REQUIRED WORK -
Output only the lines below from the one containing "قیمت طلای جهانی" to the one containing "Phlox, Judasbäumchen (fast), Ranunkelbusch", exactly as written, both ends kept.

LISTED ENTRIES -
== Segment start ==

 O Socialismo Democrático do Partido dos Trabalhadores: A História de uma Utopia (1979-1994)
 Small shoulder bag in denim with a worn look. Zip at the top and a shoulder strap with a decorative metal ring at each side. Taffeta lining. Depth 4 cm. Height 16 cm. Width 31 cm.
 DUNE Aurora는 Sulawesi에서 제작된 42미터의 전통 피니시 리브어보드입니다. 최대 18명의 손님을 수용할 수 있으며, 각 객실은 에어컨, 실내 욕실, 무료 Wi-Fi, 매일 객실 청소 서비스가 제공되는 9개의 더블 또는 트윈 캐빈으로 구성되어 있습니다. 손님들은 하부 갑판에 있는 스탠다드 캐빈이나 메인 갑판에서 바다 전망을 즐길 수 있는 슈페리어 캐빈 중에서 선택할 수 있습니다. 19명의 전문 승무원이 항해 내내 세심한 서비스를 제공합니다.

== Segment end ==
== Segment start ==

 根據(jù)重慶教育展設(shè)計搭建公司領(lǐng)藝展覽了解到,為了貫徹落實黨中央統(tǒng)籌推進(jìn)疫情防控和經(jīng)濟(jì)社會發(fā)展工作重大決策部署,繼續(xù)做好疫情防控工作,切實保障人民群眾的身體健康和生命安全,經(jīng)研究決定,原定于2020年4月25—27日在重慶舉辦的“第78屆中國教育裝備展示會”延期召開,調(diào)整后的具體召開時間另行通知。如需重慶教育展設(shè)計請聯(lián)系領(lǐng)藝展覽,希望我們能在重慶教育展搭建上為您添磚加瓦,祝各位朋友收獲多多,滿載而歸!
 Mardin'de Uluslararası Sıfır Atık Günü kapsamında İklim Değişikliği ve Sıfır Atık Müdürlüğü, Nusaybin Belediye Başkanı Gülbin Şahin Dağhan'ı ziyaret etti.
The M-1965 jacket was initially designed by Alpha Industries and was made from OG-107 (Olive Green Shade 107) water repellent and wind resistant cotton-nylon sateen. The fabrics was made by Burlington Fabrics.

== Segment end ==
== Segment start ==

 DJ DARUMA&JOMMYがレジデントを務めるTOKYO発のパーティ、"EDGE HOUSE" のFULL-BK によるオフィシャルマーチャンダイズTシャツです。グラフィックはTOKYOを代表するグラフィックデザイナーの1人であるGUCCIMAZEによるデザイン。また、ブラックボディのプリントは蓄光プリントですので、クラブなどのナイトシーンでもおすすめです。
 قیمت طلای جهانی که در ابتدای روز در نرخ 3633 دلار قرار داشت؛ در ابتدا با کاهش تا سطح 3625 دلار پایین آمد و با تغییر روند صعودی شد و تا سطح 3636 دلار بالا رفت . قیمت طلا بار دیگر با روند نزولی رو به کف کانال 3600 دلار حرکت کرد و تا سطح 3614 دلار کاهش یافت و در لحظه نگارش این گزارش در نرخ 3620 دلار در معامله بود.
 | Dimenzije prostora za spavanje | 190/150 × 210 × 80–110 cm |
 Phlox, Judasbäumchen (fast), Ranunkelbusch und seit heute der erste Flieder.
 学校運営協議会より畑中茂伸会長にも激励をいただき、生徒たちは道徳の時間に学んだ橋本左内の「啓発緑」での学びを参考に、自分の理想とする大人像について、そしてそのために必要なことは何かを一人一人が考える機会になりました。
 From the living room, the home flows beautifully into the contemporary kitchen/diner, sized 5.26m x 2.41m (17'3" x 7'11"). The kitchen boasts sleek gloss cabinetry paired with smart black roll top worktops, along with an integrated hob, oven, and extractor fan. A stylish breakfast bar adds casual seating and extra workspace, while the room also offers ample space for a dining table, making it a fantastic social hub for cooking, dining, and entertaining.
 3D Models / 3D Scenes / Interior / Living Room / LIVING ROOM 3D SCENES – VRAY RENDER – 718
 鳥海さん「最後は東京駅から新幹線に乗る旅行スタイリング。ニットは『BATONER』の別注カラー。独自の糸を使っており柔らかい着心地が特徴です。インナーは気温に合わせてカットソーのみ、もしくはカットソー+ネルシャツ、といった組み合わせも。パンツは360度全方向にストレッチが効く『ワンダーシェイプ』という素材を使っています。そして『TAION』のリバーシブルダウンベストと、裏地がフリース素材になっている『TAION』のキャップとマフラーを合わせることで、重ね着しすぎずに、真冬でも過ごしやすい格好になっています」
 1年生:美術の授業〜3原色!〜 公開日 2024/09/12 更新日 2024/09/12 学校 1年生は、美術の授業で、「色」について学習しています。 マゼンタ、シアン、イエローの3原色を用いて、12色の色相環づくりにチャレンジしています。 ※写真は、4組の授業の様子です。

== Segment end ==

SOLVED EXERCISE -
 قیمت طلای جهانی که در ابتدای روز در نرخ 3633 دلار قرار داشت؛ در ابتدا با کاهش تا سطح 3625 دلار پایین آمد و با تغییر روند صعودی شد و تا سطح 3636 دلار بالا رفت . قیمت طلا بار دیگر با روند نزولی رو به کف کانال 3600 دلار حرکت کرد و تا سطح 3614 دلار کاهش یافت و در لحظه نگارش این گزارش در نرخ 3620 دلار در معامله بود.
 | Dimenzije prostora za spavanje | 190/150 × 210 × 80–110 cm |
 Phlox, Judasbäumchen (fast), Ranunkelbusch und seit heute der erste Flieder.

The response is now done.